◆ **Exercise requirements**: Starting at the line that contains "一方で、過去にリーグ優勝の経" and stopping after the line that contains "Casco de protección", transcribe the listing below exactly; do not include any pictures.

◆ **Material for this exercise**:
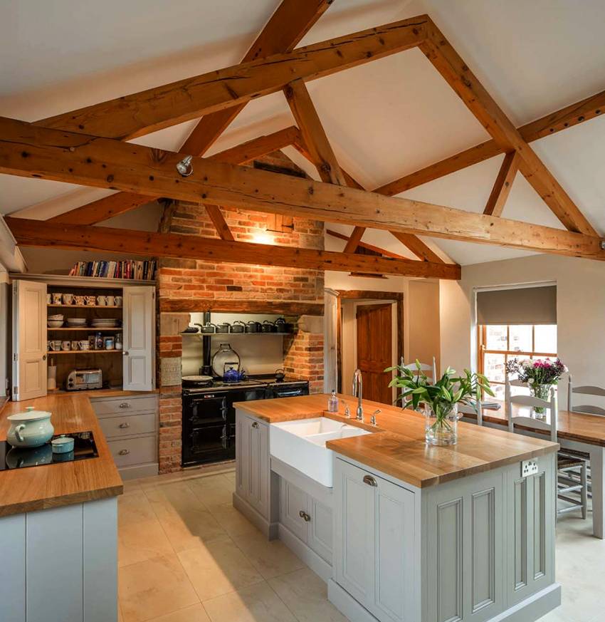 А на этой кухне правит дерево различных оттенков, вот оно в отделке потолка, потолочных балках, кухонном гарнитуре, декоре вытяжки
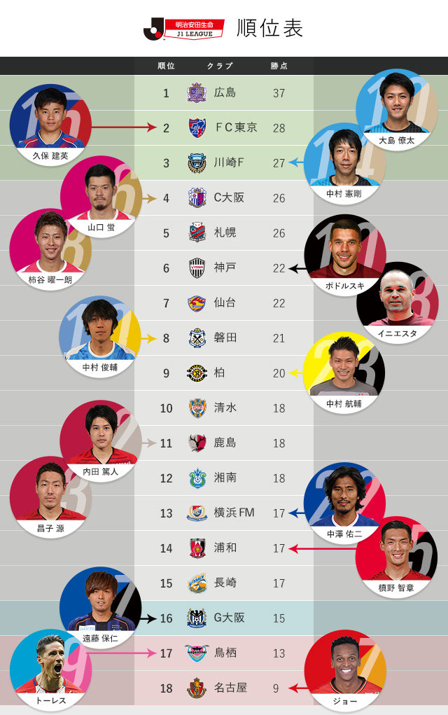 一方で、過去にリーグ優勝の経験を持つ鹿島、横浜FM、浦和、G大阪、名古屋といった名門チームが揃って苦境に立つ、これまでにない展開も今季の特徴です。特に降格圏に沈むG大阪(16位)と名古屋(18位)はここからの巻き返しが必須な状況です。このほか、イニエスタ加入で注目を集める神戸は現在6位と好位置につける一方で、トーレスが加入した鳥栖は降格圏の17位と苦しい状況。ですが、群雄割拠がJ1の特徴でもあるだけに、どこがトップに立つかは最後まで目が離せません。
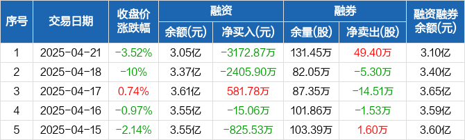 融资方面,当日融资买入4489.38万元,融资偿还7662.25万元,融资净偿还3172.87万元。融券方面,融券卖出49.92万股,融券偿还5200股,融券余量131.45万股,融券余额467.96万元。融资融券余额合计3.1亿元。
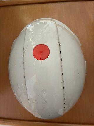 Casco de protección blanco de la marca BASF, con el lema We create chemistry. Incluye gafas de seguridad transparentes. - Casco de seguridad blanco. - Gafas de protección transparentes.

--

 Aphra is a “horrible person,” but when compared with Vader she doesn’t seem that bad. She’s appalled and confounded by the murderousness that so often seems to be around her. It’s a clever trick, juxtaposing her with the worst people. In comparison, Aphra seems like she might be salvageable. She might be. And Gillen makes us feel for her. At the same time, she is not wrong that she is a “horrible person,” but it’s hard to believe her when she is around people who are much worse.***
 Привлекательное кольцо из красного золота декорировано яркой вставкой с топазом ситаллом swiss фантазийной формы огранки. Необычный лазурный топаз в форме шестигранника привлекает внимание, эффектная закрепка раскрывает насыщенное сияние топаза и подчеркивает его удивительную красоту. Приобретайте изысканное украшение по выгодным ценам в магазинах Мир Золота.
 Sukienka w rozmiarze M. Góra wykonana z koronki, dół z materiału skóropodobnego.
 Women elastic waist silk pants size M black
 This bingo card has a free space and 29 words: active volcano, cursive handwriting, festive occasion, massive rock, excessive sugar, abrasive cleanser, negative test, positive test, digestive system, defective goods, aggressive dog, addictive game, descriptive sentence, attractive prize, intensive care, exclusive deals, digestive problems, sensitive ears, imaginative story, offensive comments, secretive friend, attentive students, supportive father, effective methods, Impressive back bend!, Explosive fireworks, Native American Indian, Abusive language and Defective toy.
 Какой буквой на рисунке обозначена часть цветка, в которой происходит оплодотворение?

---

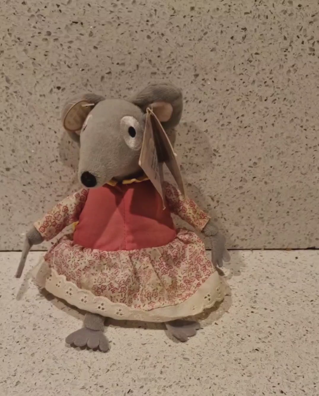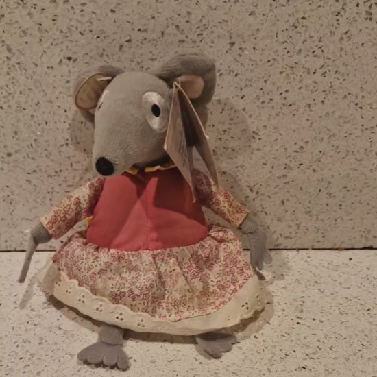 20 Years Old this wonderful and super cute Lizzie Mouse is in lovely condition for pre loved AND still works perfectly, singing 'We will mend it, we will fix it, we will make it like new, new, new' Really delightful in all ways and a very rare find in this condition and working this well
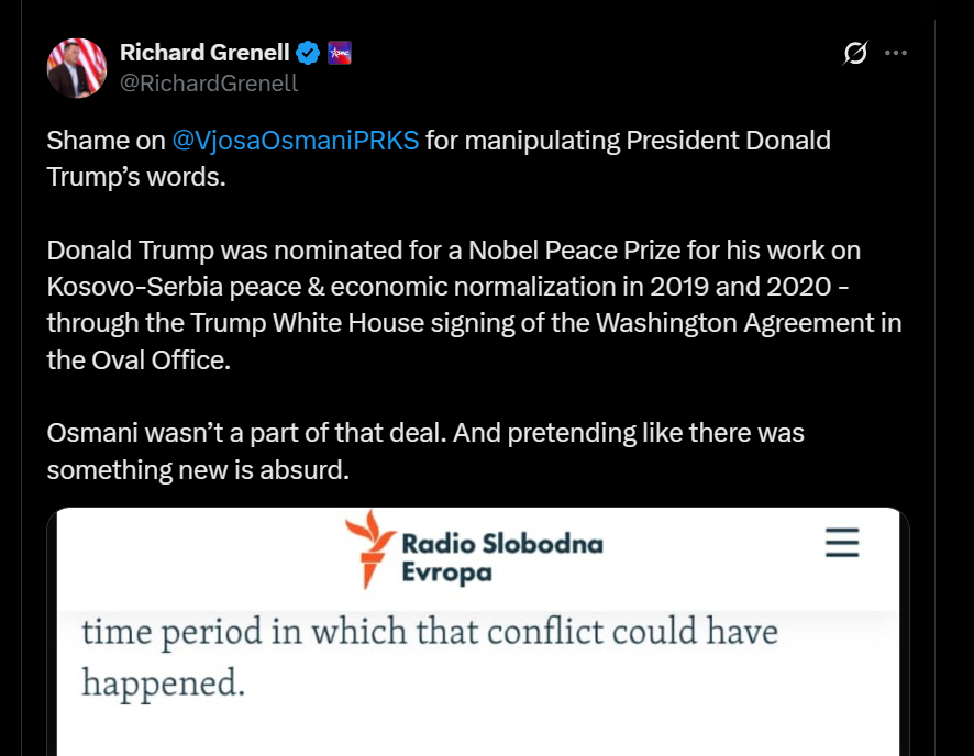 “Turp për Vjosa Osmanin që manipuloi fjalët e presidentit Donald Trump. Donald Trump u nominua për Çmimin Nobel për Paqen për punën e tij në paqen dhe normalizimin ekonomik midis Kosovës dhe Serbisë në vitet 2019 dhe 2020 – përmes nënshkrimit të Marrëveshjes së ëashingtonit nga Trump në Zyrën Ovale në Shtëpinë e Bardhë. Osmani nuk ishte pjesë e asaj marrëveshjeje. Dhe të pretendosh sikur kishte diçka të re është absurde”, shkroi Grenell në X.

◆ **Task answer**:
 一方で、過去にリーグ優勝の経験を持つ鹿島、横浜FM、浦和、G大阪、名古屋といった名門チームが揃って苦境に立つ、これまでにない展開も今季の特徴です。特に降格圏に沈むG大阪(16位)と名古屋(18位)はここからの巻き返しが必須な状況です。このほか、イニエスタ加入で注目を集める神戸は現在6位と好位置につける一方で、トーレスが加入した鳥栖は降格圏の17位と苦しい状況。ですが、群雄割拠がJ1の特徴でもあるだけに、どこがトップに立つかは最後まで目が離せません。
 融资方面,当日融资买入4489.38万元,融资偿还7662.25万元,融资净偿还3172.87万元。融券方面,融券卖出49.92万股,融券偿还5200股,融券余量131.45万股,融券余额467.96万元。融资融券余额合计3.1亿元。
 Casco de protección blanco de la marca BASF, con el lema We create chemistry. Incluye gafas de seguridad transparentes. - Casco de seguridad blanco. - Gafas de protección transparentes.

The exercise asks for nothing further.